The first town US-70 serves in Choctaw County is Boswell, where it junctions with SH-109 at that highway's western terminus. US-70 then bisects unincorporated Unger and Jasper, as well as the town of Soper. East of Soper, the route forms a concurrency with US-271. The two highways come to an interchange with the Indian Nation Turnpike on the western outskirts of the county seat, Hugo. This interchange is the southern terminus of the turnpike; US-70 and US-271 merge onto the freeway continuing south from the turnpike, while the road leading into Hugo continues eastward as Jackson Street. Formerly this marked the western terminus of US-70 BUS and the northern terminus of US-271 BUS, but these routes were decommissioned in 2019. US-70 and US-271 follow the bypass around the southwestern quadrant of town. On the southern edge of Hugo, the highways intersect F Street (the former southern terminus of US-271 BUS); here, US-271 splits away from US-70 and heads south. This marks the end of the freeway; US-70 continues east as a four-lane divided highway with at-grade intersections. US-70 meets the eastern terminus of Jackson Street (former US-70 BUS) on the eastern outskirts of Hugo. At the eastern limit of town, US-70 meets SH-93 at its southern terminus. The highway then leaves Hugo, passing through unincorporated Fallon and entering Sawyer, where it forms the southern terminus of SH-147. Just to the east of Sawyer is Fort Towson. There, US-70 serves as the eastern terminus of SH-109 and the northern terminus of SH-209. The highway continues east, serving unincorporated Swink, before leaves Choctaw County.
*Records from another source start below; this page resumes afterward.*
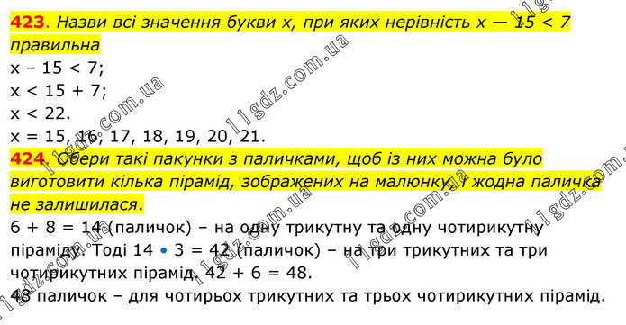 423. Назви всі значення букви х, при яких нерівність х — 15 < 7 правильна х – 15 < 7; х < 15 + 7; x < 22. х = 15, 16, 17, 18, 19, 20, 21. 424. Обери такі пакунки з паличками, щоб із них можна було виготовити кілька пірамід, зображених на малюнку, і жодна паличка не залишилася. 6 + 8 = 14 (паличок) – на одну трикутну та одну чотирикутну піраміду. Тоді 14 • 3 = 42 (паличок) – на три трикутних та три чотирикутних пірамід. 42 + 6 = 48. 48 паличок – для чотирьох трикутних та трьох чотирикутних пірамід.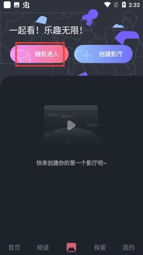3、進入比優視頻APP,在底部導航欄點擊探索板塊,于該板塊界面中找到隨機進入按鈕并點擊,進入隨機匹配的影廳。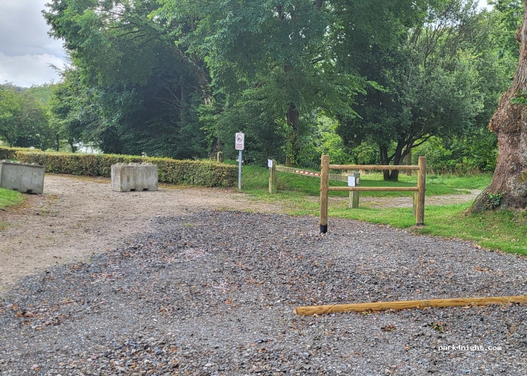 Très belle aire avec des grands emplacements et de l'ombrage. Etang juste à côté parfait pour promener toutou. Proximité de la ville et de son château. Nous étions au fond de l aire et aucunement gêné par la route. Nous y avons passé une excellente nuit. Merci CCP.
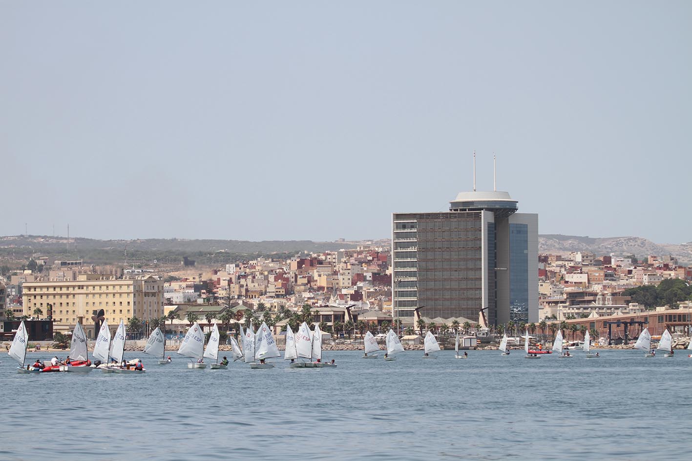 La jornada comenzaba muy temprano en las instalaciones del Real Club Marítimo de Melilla dando la bienvenida a las flotas de los siete clubes peninsulares que este año toman parte en la V Semana Náutica de Vela Ligera. Tras los preparativos previos y la reunión de patrones, los regatistas se echaban al agua sobre la una de la tarde.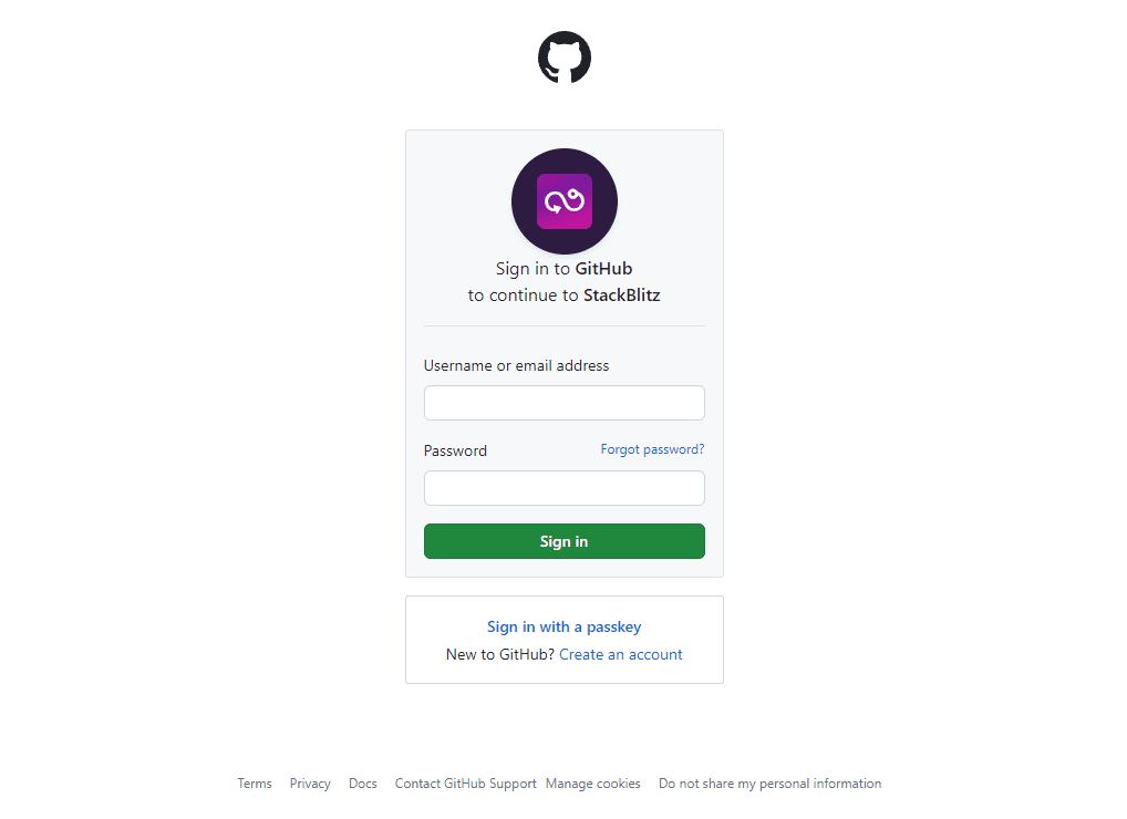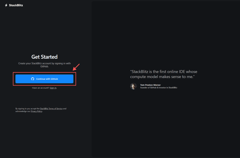 StackBlitz는 GitHub 계정을 통해 계정을 생성합니다. GitHub 계정을 준비한 후 아래 절차를 따르세요.

The easternmost county US-70 serves in Oklahoma is McCurtain County. The road heads southeast, passing through Valliant, before intersecting SH-98 west of Millerton. East of SH-98, US-70 bisects Millerton, then continues southeast through Garvin. It then reaches the county seat, Idabel; here, US-70 BYP heads along the west and southwest sides of the city, while mainline US-70 continues east across the northern reaches of the Idabel city limits. In the northeast corner of town, US-70 intersects US-259/SH-3, turning north to form a concurrency with them (with eastbound US-70 and westbound SH-3 overlapping to form a wrong-way concurrency). The highways proceed to Broken Bow, where they go their separate ways; SH-3 turns west, US-259 continues north, and US-70 turns east. US-70 reaches the state line west of DeQueen, Arkansas; after crossing the line, it passes into Sevier County, Arkansas.

==History==
US-70 was originally designated in Oklahoma on December 7, 1926, as part of the initial slate of U.S. highways established through the state. US-70 initially entered Oklahoma east of Burkburnett, Texas, proceeded northeast to Randlett, then continued north to an intersection with SH-5 near Emerson, where it turned east, passing through Walters. From Walters, it continued due east into Stephens County to Comanche along present-day SH-53; in Comanche, it turned south along US-81, running through Addington before meeting the present-day US-70 route in Waurika. From Waurika, US-70 followed its present-day route to Ardmore. US-70 continued east from Ardmore along present-day SH-199 and US-177, passing through Dickson and Mannsville before reuniting with the present-day route in Madill. East of Madill, US-70 followed the same basic pathway that it does today.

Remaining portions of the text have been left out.